- Narela Location in India
- Coordinates: 28°51′N 77°06′E﻿ / ﻿28.85°N 77.1°E
- Country: India
- State: Delhi
- District: North Delhi

Government
- • Body: North Delhi Municipal Corporation
- Elevation: 210 m (690 ft)

Population
- • Total: 809,913

Languages
- • Official: Hindi, English, Haryanvi
- Time zone: UTC+5:30 (IST)
- PIN: 110040
- Lok Sabha constituency: North West Delhi
- Vidhan Sabha constituency: Narela
- Civic agency: Municipal Corporation of Delhi

= Narela =

Suburb of Delhi in North Delhi, India

Narela is a Suburb and a Tehsil of Delhi, located in the North Delhi district of Delhi, close to the border of Haryana. Narela is a part of North Delhi. It is 30 km away from the city centre of New Delhi.

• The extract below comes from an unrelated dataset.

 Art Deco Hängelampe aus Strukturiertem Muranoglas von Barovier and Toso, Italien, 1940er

It is situated just off the Grand Trunk Road, its location made it an important commercial location for the surrounding areas, remains of the 19th century are still there. It was developed as the third mega sub city, which is a project of Delhi Development Authority (DDA) in the urban extension project of Delhi, other sub cities are Rohini sub city and Dwarka sub city. It covers an area of 9866 hectares. The 'Narela Industrial Area' started developing in the early 1980s and is today one of the important such complexes in Delhi.

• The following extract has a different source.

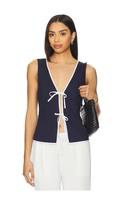 onia Air Linen Tie Front Top in Navy. - size XL (also in L, M, S, XS) onia Air Linen Tie Front Top in Navy. - size XL (also in L, M, S, XS) 55% linen 45% lyocell. Machine wash. Front tie-up closures. Linen fabric with contrast trim. ONIR-WS30. WCT92-01. Carl Cunow and Nathan Romano co-founded onia in 2009, a lifestyle brand inspired by modern voyagers. From swimsuits to loungewear, overnight bags to beach blankets, the range is created with versatility in mind - seamlessly transitioning from the daily routine to faraway retreats, and with the ability to beautifully withstand the rigors of traveling. onia, which means 'sailboat' in Hebrew, represents Carl and Nathan's shared passion for adventure - whether on the sea or off the beaten path - journeys of discovery and fine craftsmanship, rooted in superior design.

It is one of 12 zones of the Municipal Corporation of Delhi (MCD) and one of the three subdistricts of the North Delhi district, along with Alipur and Model Town.

==History==

===Ancient era===

Bhor Garh archeological site near Narela, which was excavated by Archaeological Survey of India (ASI) in 1992-93 and 1993–94, found artifacts belonging to the Late Harappan era of Indus Valley Civilization, Painted Grey Ware culture related to Vedic era, and Kushan Empire era (30 CE to 375 CE), and Bhorgarh inscription related to Tomar Dysnaty of Delhi (c. 8th-11th centure CE).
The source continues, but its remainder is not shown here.